— Лимоны тут у нас, матушка лорд-маршала распорядилась саженцы
привезти. И еще эти... все забываю, как их звать... лепесины.
Поспеют скоро, отведаете.
— Апельсины, Кристиан! — голос Тэнима раздался откуда-то из
зарослей, и Ари только сейчас сообразила, что у оранжереи имелся
еще один вход.
Садовник и Розалинда низко поклонились и тут же исчезли,
повинуясь едва заметному жесту лорд-маршала. Ари была рада видеть
его. Сказать по правде, она успела соскучиться, хотя они расстались
всего несколько часов назад, после завтрака, когда ее супруг
удалился к себе разбирать бумаги. С ним было... она не знала, как
это объяснить. Интересно? Да, он так рассказывал о странах Восхода
или о городах далекой Лаверры, которые глядятся в сонные воды
теплого моря, что ей хотелось слушать и слушать его низкий голос. А
еще, когда он брал ее за руку... вот как сейчас... он, будто
забывшись, поглаживал ямку между ее большим и указательным пальцем,
а ей так хотелось стать смелее, тоже перехватить его запястье, но
она не знала, можно ли ей. Сестры в обители так часто напоминали,
что скромность и стыдливость — наивысшие добродетели. И именно они
делают женщину сосудом Всевышнего. Странно, она терпеть не могла
монашек, а вот их уроки позабыть так и не смогла.

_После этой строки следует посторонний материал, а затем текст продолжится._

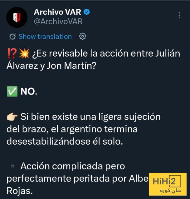 أكدت منصة أرشيف الفار ، أن اللقطة بين جوليان الفاريز وجون مارتين لم تستحق تدخل تقنية الـVAR لمراجعتها .

Глянцевые темно-зеленые листочки трепетали у них над головой —
двери были открыты, и по оранжерее гулял сквозняк. Ари потянулась к
одному из плодов: оранжевый, с плотной кожицей — прежде она таких
не видела.
— Подожди недельку, он еще кислый.
Тэним склонился к ней, его волосы мазнули по щеке — и Ари ужасно
захотелось зажмуриться. И в то же время ей было не оторвать взгляд
от его глаз — сейчас вовсе не грозовых, не пасмурных. Лучистые,
ласковые... а ресницы у него длинные, отчего он порой кажется
немного печальным и обиженным, словно мальчик, у которого отобрали
игрушку. Расстегнутый лиловый камзол, распахнутый ворот рубашки —
только тонкая серебряная цепочка вьется змейкой, выделяясь на фоне
смуглой кожи. Он впервые так близко — и у нее закружилась голова от
пряного аромата его кожи. И он... его губы нежно коснулись уголка
ее рта, как будто он пил нектар из раскрывшегося бутона.
— Ты... ты позволишь мне, Ари? Ты больше не боишься меня? —
сбивчиво прошептал он, не отрываясь от ее губ.

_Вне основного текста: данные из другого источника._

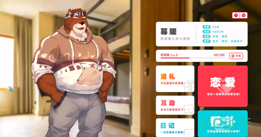 好感度的提升方法也是十分简单的,大致分为三种,第一送礼,第二互动。第三,完成一些番外的恋爱任务。在游戏当中礼物奖品是非常丰富的,玩家可以通过完成各类目标任务获得积分,然后从商店当中兑换出不同的兽人所喜爱的礼品礼包,然后将礼品礼包送给他们。当然互动模式对于一些不爱氪金的玩家们来说是不错的选择,通过点击互动可以触发各种有趣的对话与兽人好友完成一些有趣的沟通。而随着好感度的提升就可以以与他们开启恋爱模式在游戏当中很多恋爱场景都可以解锁体验。

Но она не стала отвечать — только крепко обхватила его за плечи,
провела ладонями вниз по спине, ощущая под ними его сильное
поджарое тело. Он поднял руку и осторожно обвел контур ее губ, все
еще не веря, что она позволила ему прикасаться к себе. А потом
прижал Ари к себе, целуя уже по-настоящему. Так, словно желал
выпить ее до конца —жадно, страстно и в то же время бережно. Было
так жарко, да, это же оранжерея, тут и должно быть жарко. Обрывки
мыслей метались в ее голове, и она никак не могла ухватиться ни за
одну из них. Она не умеет целоваться, она вообще ничего не умеет...
Аромат корицы и имбиря становится гуще, отчетливее. Она его жена,
она обязана позволить ему все, все, чего он только ни пожелает. И
ей страшно, и так не хочется размыкать рук, не хочется, чтобы он
отстранялся, отдалялся...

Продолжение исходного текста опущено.